Visitors to a seaside museum will be able to enjoy a revamped all-year round attraction from next Easter following a cash windfall.
The Mo Sheringham Museum on Lifeboat Plain has been awarded nearly £1.1m by the Heritage Lottery Fund (HLF) for its three-year Atlantic 75 Seaside Education and Archive Centre project.
Money from the HLF will pay for a roof extension on the museum to create a permanent home for the Atlantic 75 lifeboat, which served the town from 1994-2007.
The vessel, currently in a Norfolk barn, was the first Atlantic 75 in operation for the RNLI across the country.

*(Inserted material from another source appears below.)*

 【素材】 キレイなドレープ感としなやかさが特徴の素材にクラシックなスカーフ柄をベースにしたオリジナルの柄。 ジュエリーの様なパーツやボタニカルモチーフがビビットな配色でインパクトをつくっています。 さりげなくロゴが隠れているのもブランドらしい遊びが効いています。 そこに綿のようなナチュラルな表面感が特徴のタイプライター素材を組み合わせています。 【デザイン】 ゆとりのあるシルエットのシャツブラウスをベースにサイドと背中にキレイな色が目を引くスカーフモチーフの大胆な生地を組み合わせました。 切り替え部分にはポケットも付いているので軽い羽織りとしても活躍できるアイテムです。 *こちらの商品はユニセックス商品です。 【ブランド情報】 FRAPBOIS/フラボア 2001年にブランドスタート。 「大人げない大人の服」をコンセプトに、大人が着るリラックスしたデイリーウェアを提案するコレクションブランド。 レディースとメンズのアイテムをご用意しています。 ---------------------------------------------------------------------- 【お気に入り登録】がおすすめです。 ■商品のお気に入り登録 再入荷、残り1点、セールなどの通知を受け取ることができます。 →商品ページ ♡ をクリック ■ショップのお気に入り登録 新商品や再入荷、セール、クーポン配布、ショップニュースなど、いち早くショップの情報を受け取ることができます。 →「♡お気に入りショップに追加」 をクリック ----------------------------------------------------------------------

Museum manager Philip Miles said: 'It will be a new look museum on the prom for Easter. We are absolutely delighted. It has been nearly three years of hard work spent on this project and to get the go-ahead is fantastic.'
As well as a new home for the boat, the extension will include an education room with space for more than 100 people and exhibits, an archive and research room to display treasured museum items and a balcony facing the North Sea.

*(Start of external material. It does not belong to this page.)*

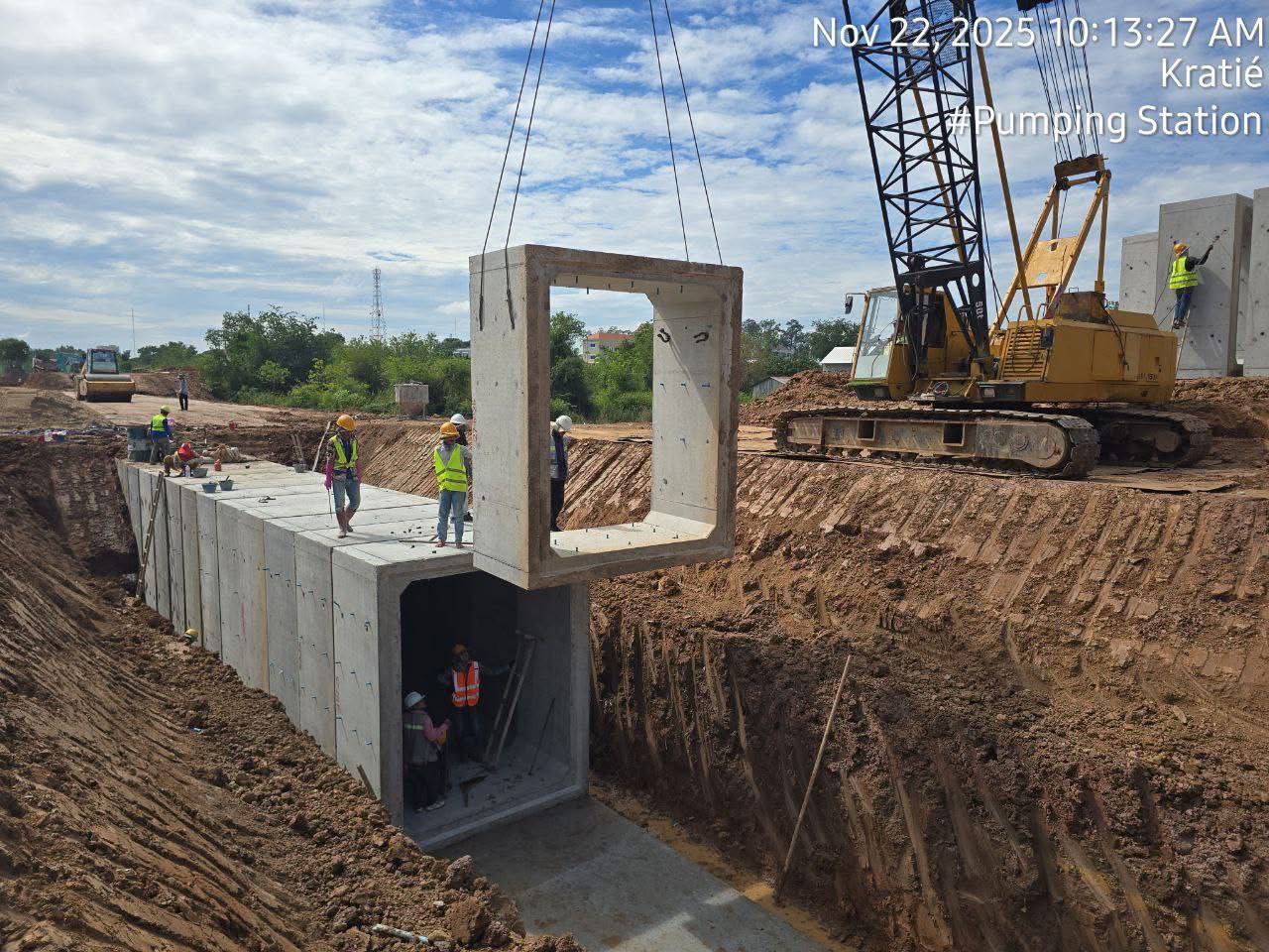 លោកបន្តថា សម្រាប់អនុគម្រោងសាងសង់បណ្តាញលូ និងស្ថានីយបូមទឹកភ្លៀងក្រុងក្រចេះ បានការដ្ឋានសាងសង់នាថ្ងៃទី៥ ខែមីនា ឆ្នាំ ២០២៥ សាងសង់លើផ្ទៃដីទំហំ១៦.៧ម៉ែត្រx៣០ម៉ែត្រ មានសំណង់ម៉ាត់ឈ្នាងបង្ហូរទឹកចេញពីស្ថានីយទំហំ១៣.៤ម៉ែត្រx១៨.៥ម៉ែត្រ បំពាក់ម៉ាស៊ីនបូមទឹកចំនួន ០៣ម៉ាស៊ីន មានសមត្ថភាពបូមទឹកបាន ១០,៣៨០ ម៉ែត្រគូបក្នុងមួយម៉ោង ក្នុងនោះមានចាក់ផ្លូវបេតុងចូលស្ថានីយប្រវែង១១០ម៉ែត្រ ទទឹង ៧.៥ម៉ែត្រ-សាងសង់នូវបណ្តាញ លូរបេតុងប្រអប់មេប្រវែង ១១២៣ម៉ែត្រ -សាងសង់បណ្តាញលូប្រមូលទឹកតភ្ជាប់ជាមួយបណ្តាញលូចាស់ប្រវែង ៤៩៦ម៉ែត្រ និងសាងសង់ប្រឡាយទឹករៀបថ្ម ទំហំទទឹងបាតប្រឡាយ១.៥ម៉ែត្រ ជម្រៅ៣ម៉ែត្រ ប្រវែង២២០ម៉ែត្រ សម្រេចបាន ៣៩,៩៨% ។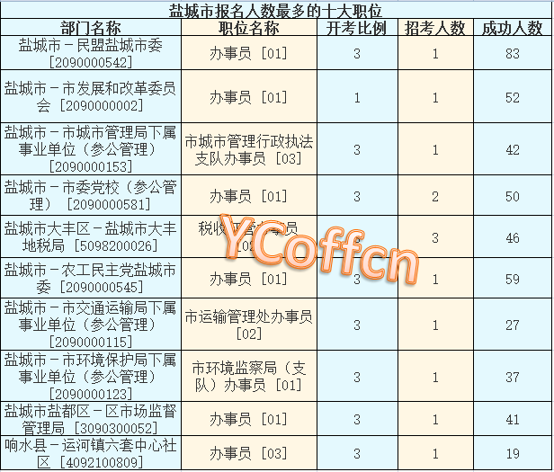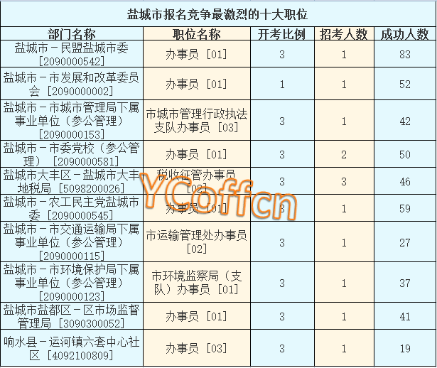 截至15日16時(shí),鹽城市報(bào)名人數(shù)最多的職位為:辦事員 [01],一共有60名,競爭最激烈的職位為辦事員 [01],招錄1人,報(bào)名人數(shù)為83,報(bào)名通過審核人數(shù)前十的職位主要集中在在鹽城市-市發(fā)展和改革委員會(huì) [2090000002]、鹽城市-市城市管理局下屬事業(yè)單位(參公管理) [2090000153]、鹽城市-市委黨校(參公管理) [2090000581],具體信息如下:

Work on the extension, which has planning permission, will start this October, after the museum closes to visitors, and should be completed by Easter when the attraction reopens.
The museum also received between £60,000 and £70,000 of grant funding from Arts Council England for the project but needs to raise £45,000 before this October to complete the fundraising.
'To know we have got the majority of the money is a huge comfort to us,' Mr Miles added.
The new permanent home for the Atlantic 75 lifeboat means the museum will house four historic lifeboats, which served the town dating back more than 100 years.
They include the JC Madge, which ran 1904-36, the Foresters' Centenary, which ran from 1936-61, and the Manchester Unity of Oddfellows which ran from 1961-90.
It will also allow more of the museum's 15,000 pieces to be on show, including a cannon from China or Malaysia and an anchor both dating back to the 1800s found off the Sheringham coast.
The main education room will be available to all groups all-year round, visiting exhibitions and the research rooms can be used by anyone from families researching their ancestors to experts who want to write books on maritime and social history.
Mr Miles said: 'The money will help with lots of exciting activities. We will have the space to put on exhibitions to engage with schools who will be able to use it in the winter.
'For the first time the museum will be an all-season space.'
He hoped the education room could deliver bespoke workshops and the extension and would help treble numbers of visiting school children over the next three years to the museum.
It currently has 20,000 visitors a year, including 1,500 school pupils.
The HLF money will also pay for three year-long placements for University of East Anglia cultural, heritage and museum studies students, as well as an apprenticeship at the museum for a 16-25-year-old from Great Yarmouth College.
Main roles for the university students and apprentices will be running the building and exhibitions.
Mr Miles said the extra space would generate money for the museum beyond the next three years.
'This is not just a three-year project. This will transform the museum,' he added.
Mr Miles said the improvements would help boost visitors to Sheringham and protect the town's heritage.